L'origine du dilemme n'est en effet pas tant dans le décès du géniteur que dans la situation qui permet que ce dilemme se produise, à savoir l'existence d'un stock d'embryons cryoconservés. Le hiatus entre la conception d'embryons et leur éventuel transfert, permis par la congélation lente ou maintenant la vitrification des ces mêmes embryons, est à l'origine de tous les maux actuels : convoitise des scientifiques pour en faire un matériau de laboratoire,  don  à un couple demandeur, transfert post mortem,...

Dès 1987, l'Instruction Donum vitae avait anticipé les problèmes en jugeant la congélation des embryons comme une offense au respect dû à des êtres humains qui les prive, même temporairement, de l'accueil et de la gestation maternelle, et les place de fait dans une situation susceptible de manipulations ultérieures (Donum vitae, I, n. 6). Enfermer artificiellement un être humain dans une  prison de froid  est profondément injuste sur le plan éthique, ne serait-ce parce que cet acte le prive de la dimension temporelle inhérente à la vie.

L'impossibilité dans laquelle nous sommes de dégager une solution satisfaisante pour répondre à la question de la légitimité du transfert d'embryon post mortem est en elle-même révélatrice de l'imprudence de nos choix politiques – avoir autorisé la fécondation d'embryons en surnombre – et doit être l'occasion de nous ouvrir enfin les yeux sur la transgression première que représente la congélation d'embryons  en trop .

À ce titre, il est regrettable que l'Assemblée nationale n'ait pas repris la recommandation de la commission spéciale qui prévoyait de limiter à trois le nombre d'ovocytes fécondés au cours d'une fécondation in vitro.
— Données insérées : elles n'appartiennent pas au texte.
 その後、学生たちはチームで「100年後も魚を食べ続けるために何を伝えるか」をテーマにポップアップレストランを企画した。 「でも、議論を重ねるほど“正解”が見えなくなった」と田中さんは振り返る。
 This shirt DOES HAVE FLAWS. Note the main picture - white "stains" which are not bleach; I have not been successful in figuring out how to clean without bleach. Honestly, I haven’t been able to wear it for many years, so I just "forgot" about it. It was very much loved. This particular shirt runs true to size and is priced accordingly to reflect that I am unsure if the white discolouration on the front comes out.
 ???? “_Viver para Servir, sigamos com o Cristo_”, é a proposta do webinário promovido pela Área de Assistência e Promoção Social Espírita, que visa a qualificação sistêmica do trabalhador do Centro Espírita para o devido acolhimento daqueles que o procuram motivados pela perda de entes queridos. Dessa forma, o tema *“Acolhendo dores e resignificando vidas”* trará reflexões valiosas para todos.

La levée de boucliers immédiate des médecins de la reproduction a malheureusement eu raison de cette disposition. Un amendement du rapporteur Jean Leonetti stipulant que le nombre d'embryons conçus  est limité à ce qui est strictement nécessaire à la réussite de l'assistance médicale à la procréation, compte tenu du procédé mis en œuvre  a bien été adopté mais sa portée semble beaucoup moins contraignante que le texte de la commission spéciale.
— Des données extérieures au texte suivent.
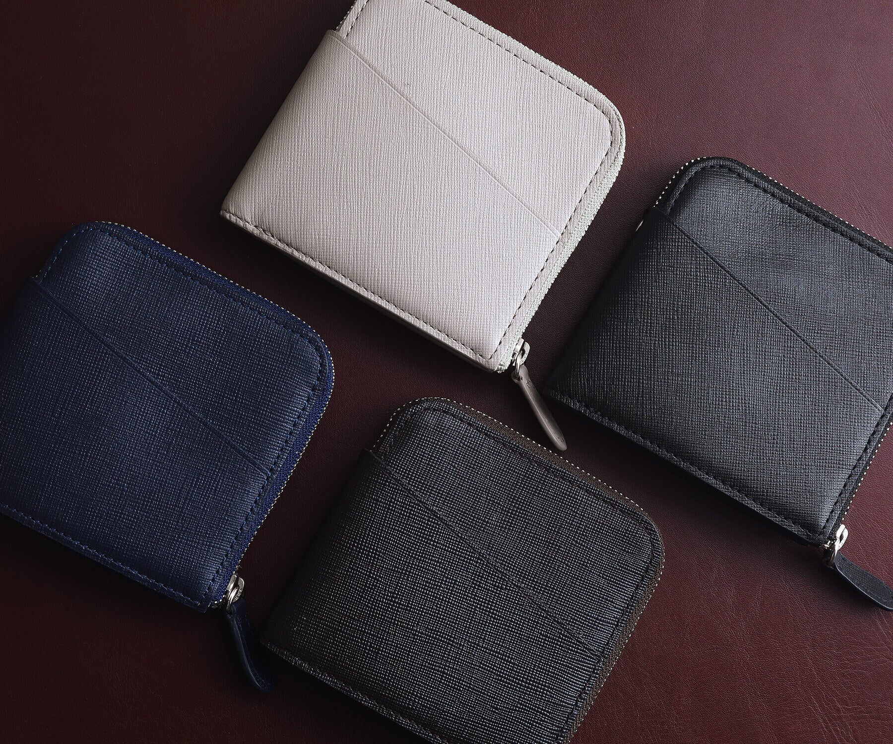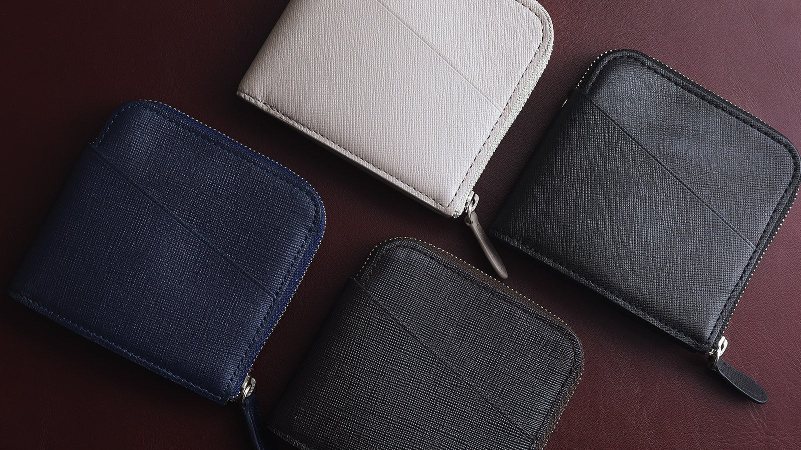 シンプルなデザインを引き立てる4色のサフィアーノレザーで仕上げました。

Le seul moyen que la question du transfert d'embryon post mortem ne se pose plus serait de ne concevoir les embryons qu'au fur et à mesure de leur implantation. On en est encore loin.

 

 

 

[1] Comité consultatif national d'éthique pour les sciences de la vie et de la santé,  La demande d'assistance médicale à la procréation après le décès de l'homme faisant partie du couple , Avis n. 113, 10 février 2011.
[2] Mission d'information sur la révision des lois de bioéthique, Favoriser le progrès médical, respecter la dignité humaine, Rapport parlementaire n. 2235, tome 1, janvier 2010, p. 41.
[3] Aude Mirkovic,  Le transfert d'embryon post mortem : comment sortir de l'impasse ? , Droit de la famille-Revue mensuelle Lexisnexis Jurisclasseur, juin 2009, p. 9-12.